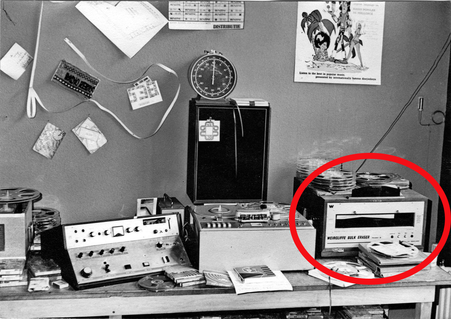 Geplaatst 11 februari 20214 jr. Wij hadden er ook 1, maar dat was toen............................ 2 uur geleden zei Marten Minkema: Dank collega! Nou er staan allemaal ruwe opnamen over een periode van 30 jaar op die tapes, waar ik als een kok iets van gemaakt heb voor de radio. Ik wil beslist niet dat het 'basismateriaal' gaat rondslingeren. Maar inderdaad: slecht wissen met zo'n supermagneet geeft die cassettes een oplawaai en maakt ze onbruikbaar - heb ik gelezen. Dus er komt wel wat bij kijken, ik laat mij graag instrueren. Overigens stond zo'n bulk eraser tot 1997 in Villa 65 van de VPRO, in een alkoof in de gang die leek op een telefoonhokje, maar dan met een deur: het kleinste kamertje in het gebouw, de wc was groter. De deur moest dicht bij gebruik, want in hetzelfde gebouw stonden ook kasten vol banden met unieke opnamen. Alleen die eraser stond in het kamertje, een zware zwarte doos op een plankje. Met een pin bovenop waar je de kern van grote uitzendbanden op kon zetten, als LP's op een platenspeler. Er zat maar 1 knop op, een rode en dan ging de doos hard brommen en moest je de band ronddraaien. Dat ging heel moeizaam vanwege het magnetisme. Maar deed je het goed, dan was de band weer helemaal schoon. Ik heb gevraagd bij de omroep of ze de eraser nog ergens in opslag heeft staan, maar nee: al lang geleden weggedaan. Te gevaarlijk met al die computers in de buurt. Bij B&G staan er nog zeker 2 weet ik "toevallig'.
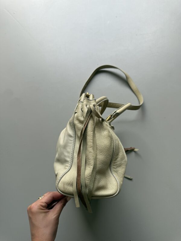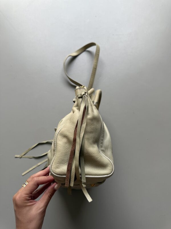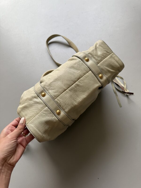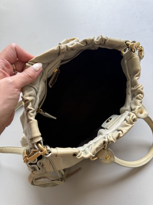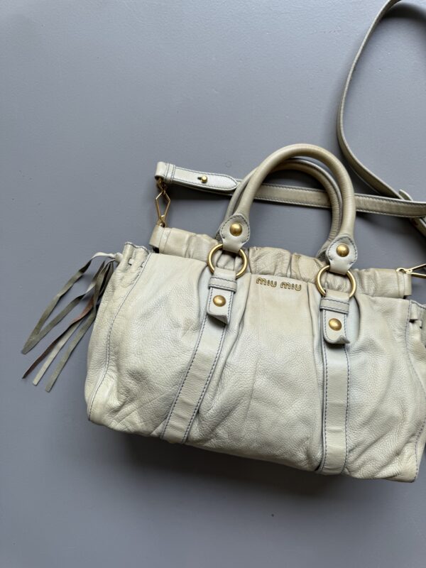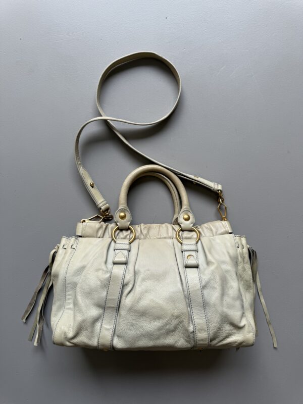 Vintage Miu Miu Vitello Lux Gathered bag in a beautiful cloud colored leather with golden metal hardware. Small size. Very detailed bag with golden metal rings, pleated sides and studs. Gathered opening which closes with a magnet. Comes with extra crossbody strap. Bag is in amazing condition. Very light signs of use on the upper edges and handles, almost unnoticeable. Inside is in perfect condition too.
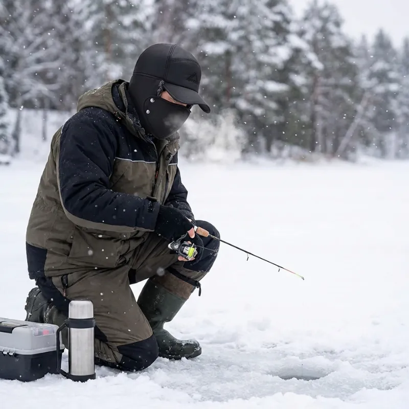 Ich benutze die Mütze beim Eisangeln. Die flauschigen Klappen blockieren die Brise vom See und die Maske verhindert, dass mein Gesicht brennt. Sitzt angenehm über meinen Ohren.
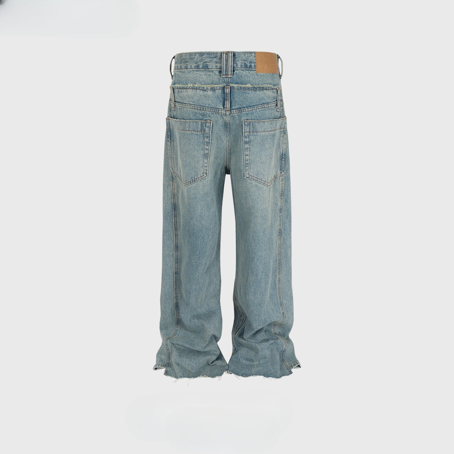 MIJKO Men's Vintage Pants MIJKO Splicing Design Men's and Women's Straight Jeans
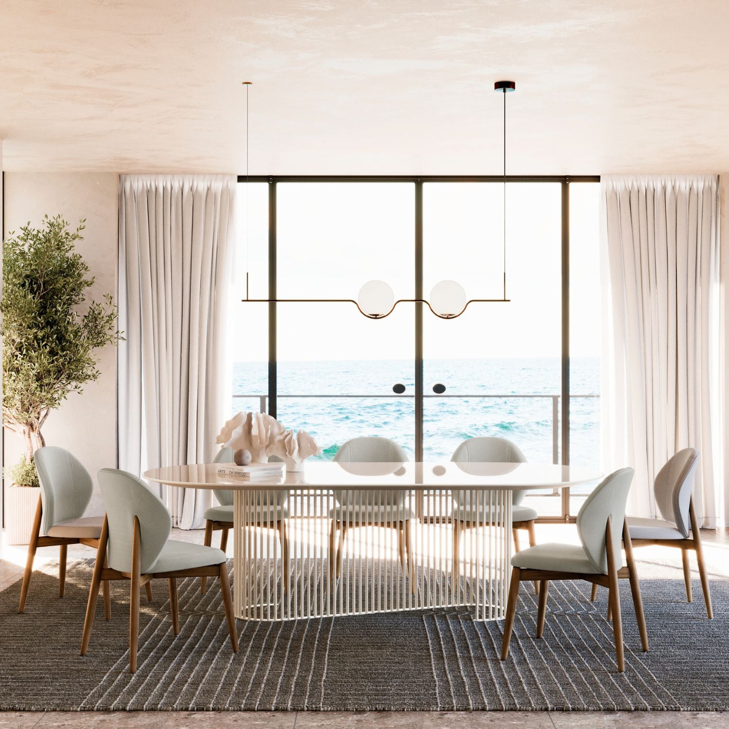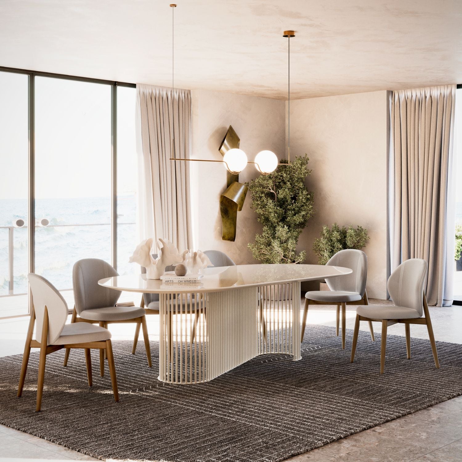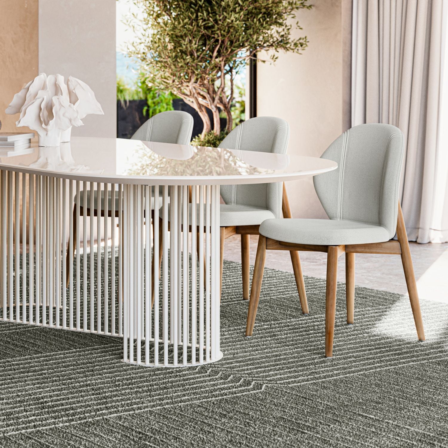 The Aston Dining Chair strikes a fine balance between sculptural form and everyday comfort. Its curved backrest is fully upholstered for a soft, supportive feel, while the open back detail and exposed wood legs bring warmth and character to the design.
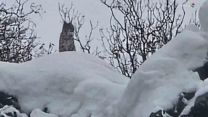 Elazığ'ın Karakoçan ilçesinde, doğada görülmesi oldukça zor olan ve 'ormanının hayaleti' olarak adlandırılan vaşak, karlar arasında süzülürken objektiflere yansıdı. Nesli tükenme tehlikesi altındaki bu nadir türün rahat tavırları dikkat çekti.
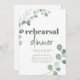 Se você ama clássico, este convite simples e acolhedor é certo para você. O convite apresenta um design elegante, de fundo branco, com detalhes delicados do partido, belamente escritos em um texto verde, exuando um ar de sofisticação. Verduras suaves moldam a borda. Bem-vindos convidados ao seu janto de ensaio em estilo. A cor e o texto em segundo plano são editáveis.
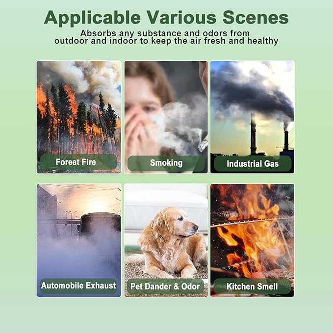 - 🌿 2-in-1 Particle + Carbon Defense: Dual-layer design: HEPA traps airborne particles while activated coconut carbon absorbs cooking odors, pet scents, and VOCs. Breathe deeply in kitchens, dorms, or small apartments (up to 161 sq ft).
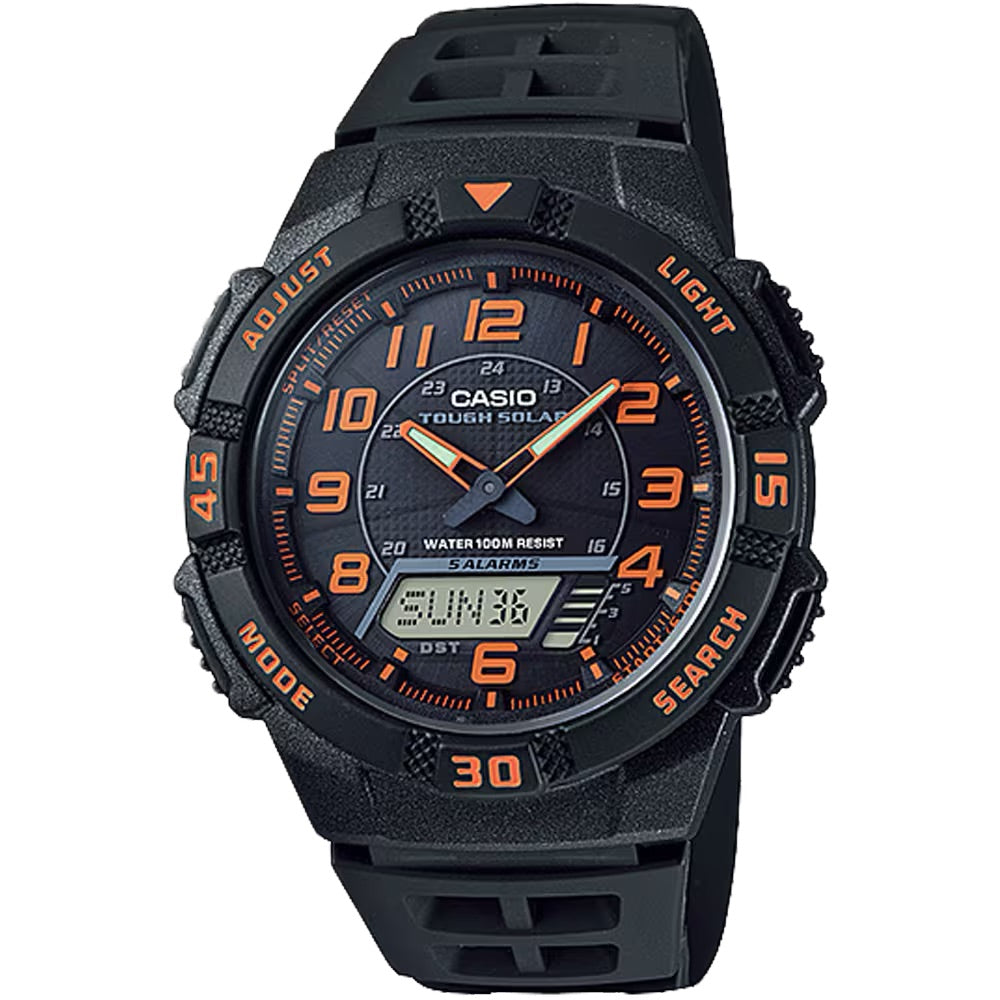 The Casio AQS-800W-1B2V is a versatile timepiece that combines functionality with a sporty design. Powered by CasioÕs Tough Solar technology, it ensures continuous operation without the need for battery replacements. The watch features both analog and digital displays, providing clear and precise timekeeping. Its black resin band and case are complemented by orange accents on the dial, adding a vibrant touch to its appearance. With 100-meter water resistance, itÕs suitable for various water activities. Additional features include world time across 31 time zones, five daily alarms, and dual countdown timers, making it ideal for sports and travel enthusiasts. The LED light ensures readability in low-light conditions.

--------------------------------

TASK TO CARRY OUT. Set down the material above exactly. Skip any picture.

PROBLEM SOLUTION.
 Geplaatst 11 februari 20214 jr. Wij hadden er ook 1, maar dat was toen............................ 2 uur geleden zei Marten Minkema: Dank collega! Nou er staan allemaal ruwe opnamen over een periode van 30 jaar op die tapes, waar ik als een kok iets van gemaakt heb voor de radio. Ik wil beslist niet dat het 'basismateriaal' gaat rondslingeren. Maar inderdaad: slecht wissen met zo'n supermagneet geeft die cassettes een oplawaai en maakt ze onbruikbaar - heb ik gelezen. Dus er komt wel wat bij kijken, ik laat mij graag instrueren. Overigens stond zo'n bulk eraser tot 1997 in Villa 65 van de VPRO, in een alkoof in de gang die leek op een telefoonhokje, maar dan met een deur: het kleinste kamertje in het gebouw, de wc was groter. De deur moest dicht bij gebruik, want in hetzelfde gebouw stonden ook kasten vol banden met unieke opnamen. Alleen die eraser stond in het kamertje, een zware zwarte doos op een plankje. Met een pin bovenop waar je de kern van grote uitzendbanden op kon zetten, als LP's op een platenspeler. Er zat maar 1 knop op, een rode en dan ging de doos hard brommen en moest je de band ronddraaien. Dat ging heel moeizaam vanwege het magnetisme. Maar deed je het goed, dan was de band weer helemaal schoon. Ik heb gevraagd bij de omroep of ze de eraser nog ergens in opslag heeft staan, maar nee: al lang geleden weggedaan. Te gevaarlijk met al die computers in de buurt. Bij B&G staan er nog zeker 2 weet ik "toevallig'.
 Vintage Miu Miu Vitello Lux Gathered bag in a beautiful cloud colored leather with golden metal hardware. Small size. Very detailed bag with golden metal rings, pleated sides and studs. Gathered opening which closes with a magnet. Comes with extra crossbody strap. Bag is in amazing condition. Very light signs of use on the upper edges and handles, almost unnoticeable. Inside is in perfect condition too.
 Ich benutze die Mütze beim Eisangeln. Die flauschigen Klappen blockieren die Brise vom See und die Maske verhindert, dass mein Gesicht brennt. Sitzt angenehm über meinen Ohren.
 MIJKO Men's Vintage Pants MIJKO Splicing Design Men's and Women's Straight Jeans
 The Aston Dining Chair strikes a fine balance between sculptural form and everyday comfort. Its curved backrest is fully upholstered for a soft, supportive feel, while the open back detail and exposed wood legs bring warmth and character to the design.
 Elazığ'ın Karakoçan ilçesinde, doğada görülmesi oldukça zor olan ve 'ormanının hayaleti' olarak adlandırılan vaşak, karlar arasında süzülürken objektiflere yansıdı. Nesli tükenme tehlikesi altındaki bu nadir türün rahat tavırları dikkat çekti.
 Se você ama clássico, este convite simples e acolhedor é certo para você. O convite apresenta um design elegante, de fundo branco, com detalhes delicados do partido, belamente escritos em um texto verde, exuando um ar de sofisticação. Verduras suaves moldam a borda. Bem-vindos convidados ao seu janto de ensaio em estilo. A cor e o texto em segundo plano são editáveis.
 - 🌿 2-in-1 Particle + Carbon Defense: Dual-layer design: HEPA traps airborne particles while activated coconut carbon absorbs cooking odors, pet scents, and VOCs. Breathe deeply in kitchens, dorms, or small apartments (up to 161 sq ft).
 The Casio AQS-800W-1B2V is a versatile timepiece that combines functionality with a sporty design. Powered by CasioÕs Tough Solar technology, it ensures continuous operation without the need for battery replacements. The watch features both analog and digital displays, providing clear and precise timekeeping. Its black resin band and case are complemented by orange accents on the dial, adding a vibrant touch to its appearance. With 100-meter water resistance, itÕs suitable for various water activities. Additional features include world time across 31 time zones, five daily alarms, and dual countdown timers, making it ideal for sports and travel enthusiasts. The LED light ensures readability in low-light conditions.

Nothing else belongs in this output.